日英知財研究

人体は保護対象でない


”2105特許性のある主題―生物的主題[R-9]”の続き6

The legislative history of the AIA includes the following statement, which sheds light on the meaning of this provision:

AIAの立法経緯には以下の声明が含まれており、この条項の意味について光を投じている:

[T]he U.S. Patent Office has already issued patents on genes, stems cells, animals with human genes, and a host of non-biologic products used by humans, but it has not issued patents on claims directed to human organisms, including human embryos and fetuses. My amendment would not affect the former, but would simply affirm the latter.

米国特許庁は既に、遺伝子、幹細胞、人間の遺伝子を有する動物、及び人間に使用される非生物学的製品のホストに対して特許を与えてきた。しかしながら、人間の胚と胎児とを含むような人体に関するクレームに対しては、特許が与えられていない。今回の補正は、前者(遺伝子等に特許を与えること)について変更を加えるものではなく、単に後者(人体に関するクレームに特許を与えないこと)について確認するものである。

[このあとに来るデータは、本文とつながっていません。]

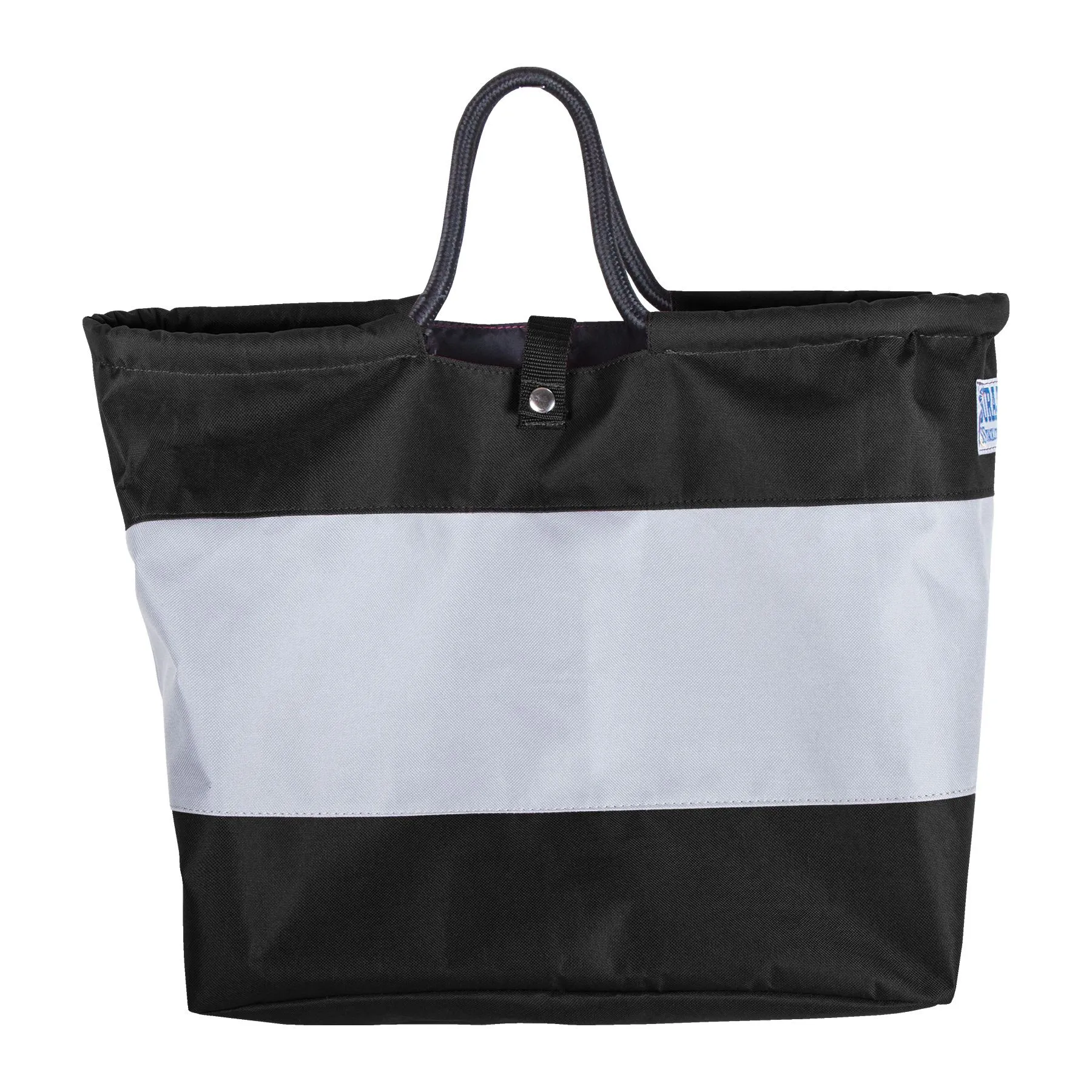 Open tote bag with rope handles and button snap closure, perfect for carrying a variety of essentials both at the barn or horse shows!

157 Cong. Rec. E1177-04 (testimony of Representative Dave Weldon previously presented in connection with the Consolidated Appropriations Act, 2004, Pub. L. No. 108-199, ‘ 634, 118 Stat. 3, 101, and later resubmitted with regard to the AIA; see 149 Cong. Rec. E2417-01). Thus, section 33(a) of the AIA codifies existing Office policy that human organisms are not patent-eligible subject matter.

157 Cong. Rec. E1177-04(Consolidated Appropriations Act, 2004, Pub. L. No. 108-199, ‘ 634, 118 Stat. 3, 101につながり、AIAに対する再発行となるDave Weldon代表の証言;149 Cong. Rec. E2417-01参照)。したがって、人体が特許性のある主題にならないとする声明が存在することを、AIAのセクション33(a)は成文化している。

<ポイント>

・ 人体に関するクレームは、特許法の保護対象外となる。

・ 日本においても、人体自体は特許法の保護対象外となる。また、人を治療するような方法も特許法の保護対象外となる。しかし、診断を補助するための人体のデータ収集方法であれば、特許法の保護対象となり得る(「産業上利用することができる発明」及び「医薬発明」の審査基準改訂について)。